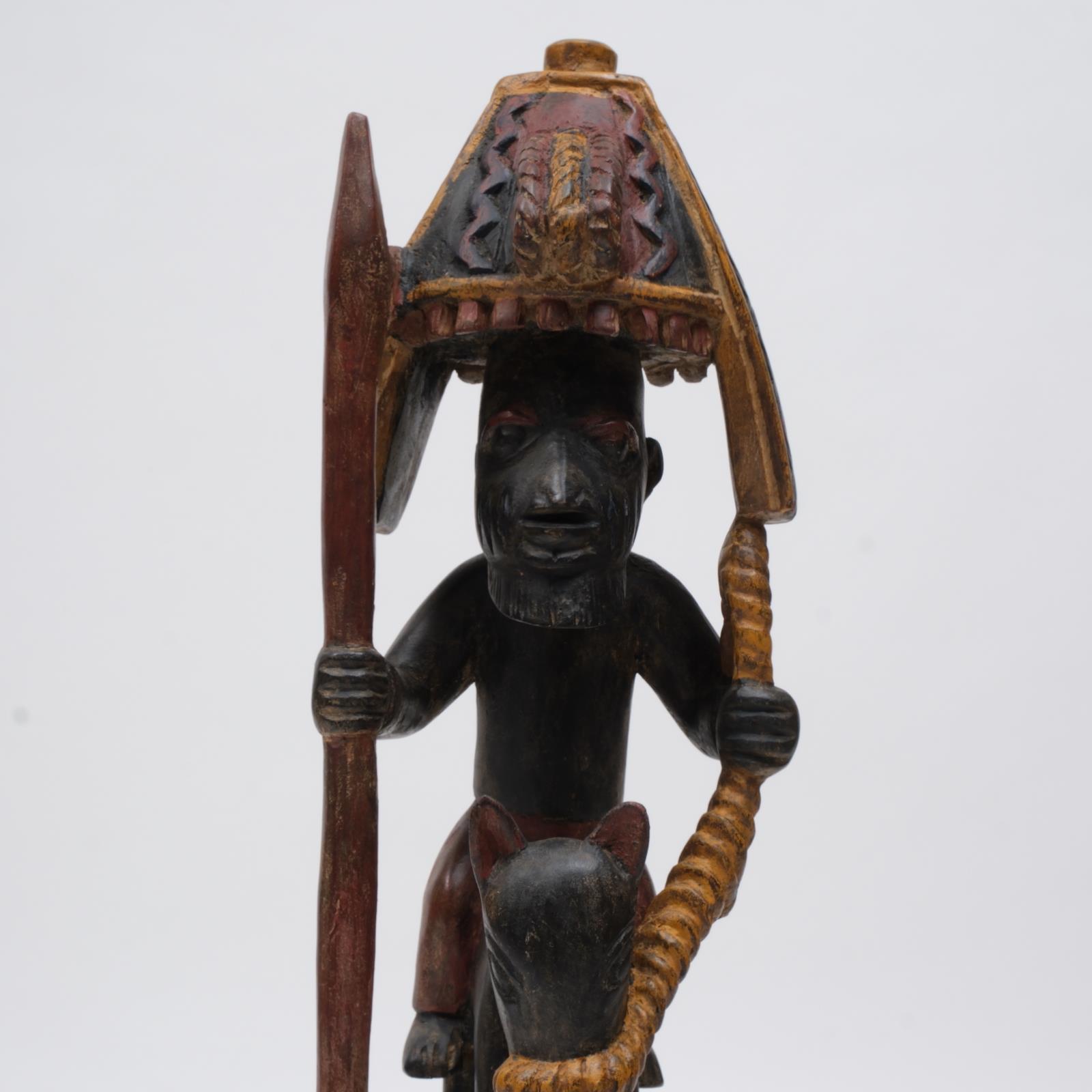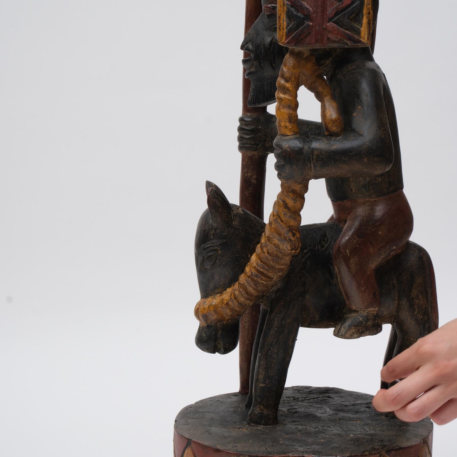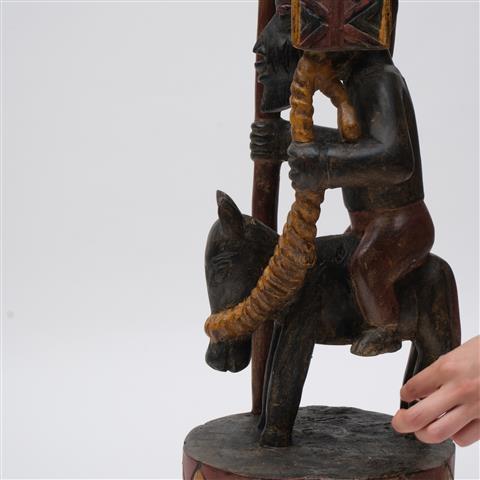 Form: Ahşaptan el oyma; başlık, mızrak ve at detaylarıyla bütünleştirilmiştir.
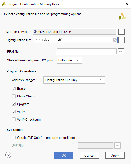 A .bin or .mcs file is required for programming Narvi’s onboard QSPI flash.
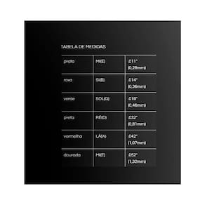 Prata MI (E) .011 (0,28 mm)Roxa SI (B) .014 (0,36 mm)Verde SOL (G) .018 (0,46 mm)Preta RÉ (D) .032 (0,81 mm)Vermelha LÁ (A) .042 (1,07 mm)Dourada MI (E) .052 (1,32 mm)
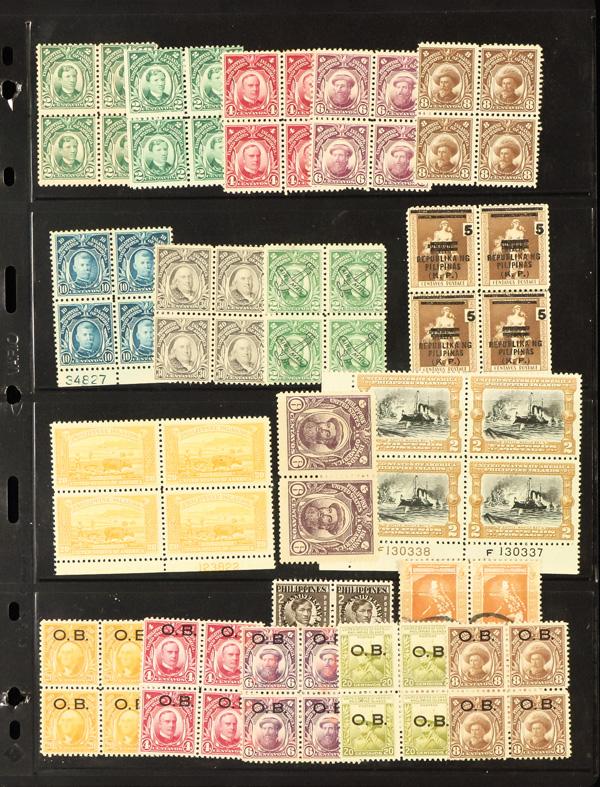 Philippines, Mint & Used Holding on Stock Pages, 1856-1950s, One binder of stocksheets with a thorough handling of the Spanish Dominion with some imperf proofs, telegraph stamps and revenues, and a strong offering of the U.S. Administration including blocks, some with plate number, such as #394 & 431, booklet panes, like 291b (both mint & used), and some better B-O-B, overall Fine to Very Fine, viewable in its entirety online. Shipping charges apply - weight 2.6 lbs. (Video for this lot) (Image)

### Instructions for the task
The expected answer consists solely of the lines from the one with "Prata MI (E)" through the last line of the listing above, restated exactly, minus any pictures.

### Response
 Prata MI (E) .011 (0,28 mm)Roxa SI (B) .014 (0,36 mm)Verde SOL (G) .018 (0,46 mm)Preta RÉ (D) .032 (0,81 mm)Vermelha LÁ (A) .042 (1,07 mm)Dourada MI (E) .052 (1,32 mm)
 Philippines, Mint & Used Holding on Stock Pages, 1856-1950s, One binder of stocksheets with a thorough handling of the Spanish Dominion with some imperf proofs, telegraph stamps and revenues, and a strong offering of the U.S. Administration including blocks, some with plate number, such as #394 & 431, booklet panes, like 291b (both mint & used), and some better B-O-B, overall Fine to Very Fine, viewable in its entirety online. Shipping charges apply - weight 2.6 lbs. (Video for this lot) (Image)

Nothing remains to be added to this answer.